The Black Echo:  Harry Bosch #1 by Michael Connelly

Detective/Mystery

Harry is a vice cop called in on a murder --a dead body in a drain tunnel.  He knows it won't be an ordinary case--because he knows who the victim is!  The dead man is a blast from Bosch's Vietnam past, and not a happy one.  Bosch and the victim were tunnel rats in 'Nam, bomb diffusers who crawled through the tunnels to find and destroy bombs before they exploded.  Harry knows it can't be a coincidence he found the body, but what does it mean?  How does it fit together?  The incident brings back bad memories for Bosch.

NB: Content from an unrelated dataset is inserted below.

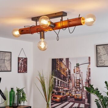 Podre Hanger Hout licht, Zwart, 4-lichts

I didn't love it, but I liked it enough to keep going.  It felt very noir and dark to me, not usually the type of book that I like.  It had a very 'Vietnam' feel to it, if that makes any sense.  It was procedural and gritty and realistic.  I felt like Bosch was an actual vice cop relating a case to me.  The romance with a fellow worker eased the tension and bleakness of the book a little.  It made Harry seem more like a normal person.  It was extremely detailed and it kept my attention.  There are a lot of twists and turns in the plot.  It's a book you can't second guess, like one of those roller coasters that twist and turn.  I do like the character of Harry--he is a rebel and he thumbs his nose at the establishment, a man after my own heart.